Il le savait. Je soufflai, et finis par dire la vérité, me sentant vaincu par son œil d'expert en psychologie.
   —  J'ai fait... un cauchemar la nuit dernière, (son silence m'invitait à continuer). J'étais à l'hôpital... et il y avait ma mère. On était toutes les deux ensembles, tout allait bien puis d'un coup... des saignements au niveau de sa poitrine...
  Je m'arrêtai soudainement dans mon discours en revoyant cette scène que j'avais vue dans mes mauvais rêves... qui me rappelait le jour où elle était partie.
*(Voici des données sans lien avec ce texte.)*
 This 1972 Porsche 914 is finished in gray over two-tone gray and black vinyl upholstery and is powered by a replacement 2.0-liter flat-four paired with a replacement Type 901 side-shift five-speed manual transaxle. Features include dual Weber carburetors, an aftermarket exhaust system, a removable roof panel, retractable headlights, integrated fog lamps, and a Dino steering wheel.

  —  Alors comment ça va à l'école ? me demanda-t-elle, allongée sur son lit d'hôpital
Je n'ai pu m'empêcher de rire.
  —  Comme d'habitude maman. Tu n'étais endormi qu'une semaine, même pas, depuis ta transplantation. Tu n'as pas raté grand-chose, la taquinai-je.
Elle rigola à gorge déployée, puis son rire se transforma petit à petit en petit sanglot, ce qui me déstabilisai énormément. Pourquoi était-elle passée du rire aux larmes aussi rapidement ? Et pour quelle raison ?
  —  Qu'est-ce qu'il y a maman ?
Elle laissa échapper des larmes qu'elle essuya instantanément et prit de profondes respirations pour se ressaisir. Mais qu'est-ce qu'il lui prenait tout à coup ? Elle me saisit par les mains fermement.
  —  Rien, ma chérie, ne t'en fais pas, je suis juste un peu émue.
  —  Mais pour quelle raison ? demandai-je.
Elle me serra les mains plus vigoureusement et me regarda, ses yeux inondés de larmes dans les miens.
  — Je suis fière de toi, Aaliyah, de la jeune femme que tu es devenu...  tu ressembles tellement à ton père, ajouta-t-elle en passant sa main sur ma joue.         Elle était glacée.
  — Maman, tu es gelée, tu veux que je te couvre un peu plus ?
  — Non, m'arrêta-t-elle, alors que je m'apprêtai à me lever afin de la couvrir davantage. Ce n'est pas nécessaire.
  Je me réinstallai sur le fauteuil à son chevet, puis je la sentis trembler comme une feuille morte. Elle exerça une pression plus forte sur ma main, qu'elle n'avait pas lâchée depuis tantôt.
  — Maman, tu m'inquiètes, dis-je, craintive.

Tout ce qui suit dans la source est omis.